A post seeking a prep cook for a relatively new “noodle bar” in the East Village called Momofuku caught my eye. I can’t recall most of the details listed in the ad, but I do remember it said they’d be willing to train someone with little to no experience in a restaurant kitchen – which would definitely be me. So I wrote up a short cover letter explaining my desire for a possible career change, emailed my resume and crossed my fingers I'd hear back them.
Later that week, I was happily surprised when I was called in for a morning interview before the restaurant opened for service later that day. I briefly chatted with Joaquin Baca*, one of Momofuku’s chefs, who said that Chef Chang would be in shortly to meet with me. Not too long after, a tall, beefy guy strode in the door, with a swagger in his step and iPod earbuds jammed into his ears; he looked more like a guitarist in an indie rock band recovering from a long night of drinking rather than a reputable chef. He promptly plugged his device into Momofuku’s sound system and his heavy metal playlist began blaring in the background from the speakers.
Our chat was brief. He didn’t mince words and spoke with a no-bullsh** demeanor. While he sat back in his chair with a casual informality, his face conveyed a serious intensity about his work. Chef Chang gave me an overview of Momofuku, its menu, his love for ramen and their signature pork buns that were growing in popularity. I basically reiterated my sentiments in my cover letter, adding that I loved Japanese food and would love to be given the opportunity to learn as much as possible there.
“Well, to be honest, “ I recall him pausing for a a moment while looking down at my resume in his hand. “I’ve got my doubts. You’re pretty old and have no experience with cooking professionally.”
This bit of blunt honesty stung for a moment, as I didn’t consider myself quite “old” yet in my early 30’s, but true -- I was certainly no fresh-faced kid, either.
“But I’ll give you a shot. You’ll be working long hours for $400 a week. Can you start today?”

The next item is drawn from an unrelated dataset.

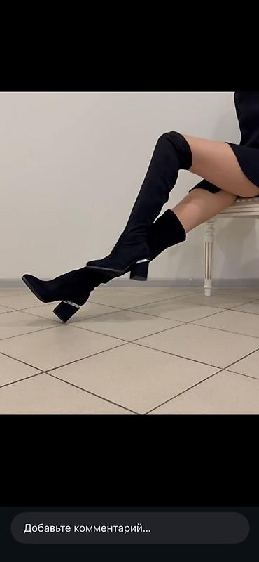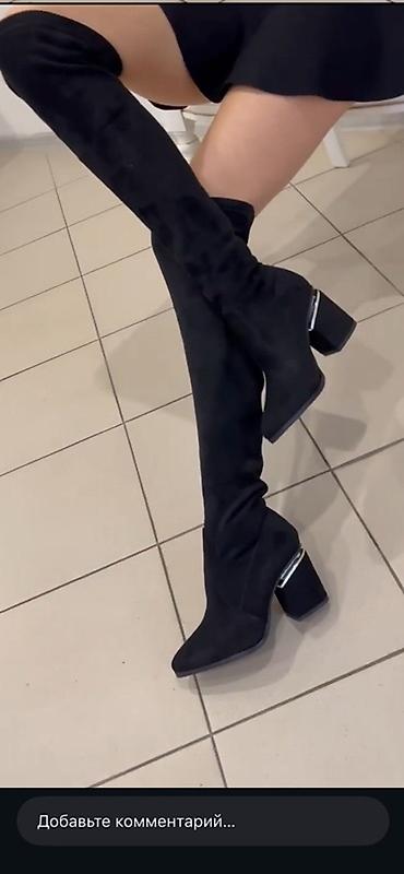 Высокие женские сапоги, демисезонные. - Материал: натуральная кожа (гладкая, матовая). - Цвет: черный. - Размер: 38. - Посадка до колена, плотный голенище. - Декор: ремешок с металлической пряжкой/...

Today? I figured I’d better say yes before he changed his mind and enthusiastically agreed to get started right away.
He introduced me to the various staff we encountered during a short tour of the restaurant -- dishwashers, servers, other cooks – then led me down into the basement to meet the prep cook who he was looking to replace. (I can’t remember his name, so I’ll call him Prep.)
Chef Chang was pretty pissed at Prep; “I TRAINED this guy, I INVESTED in this guy for four solid months and now he’s f’ing leaving me.” Prep, a quiet, unassuming guy in his early-20’s, definitely looked ready to be on his way out. He greeted me with a tired smile and later on, confided to me that he was leaving this occupation for good as he found it far too grueling. “But I’m sure you’ll do fine,” he said, with a half-hearted note of encouragement in his voice.
The rest of the night was a blur of instructions. I followed Prep around the kitchen like a crazed puppy dog, trying to memorize where everything was and what to do and what not to do. As I ran up and down the stairs from the basement to the dining room, Joaquin warned me, “Always let people know where you are," after I nearly crashed into another cook. There was only a minimal prep space upstairs behind the narrow counter for customers, so there was a lot of shouting of, “Behind you,” when cooks rushed through carrying pots of hot of stock.
My first formidable task was given directly to me by Chef Chang; he set down a large crate of scallions on the table and said, “Chop up this entire box, please.” A wave of panic silently passed over me but I nodded and said, “Yes, Chef.” Prep lent me a knife from his roll (not realizing everyone had their own personal stash of knives which they treated like royalty, I sheepishly had to borrow knives from Prep throughout my shift.) I got to work, methodically trying to produce a perfect pile of thinly sliced scallions that were used as garnish for many of their dishes.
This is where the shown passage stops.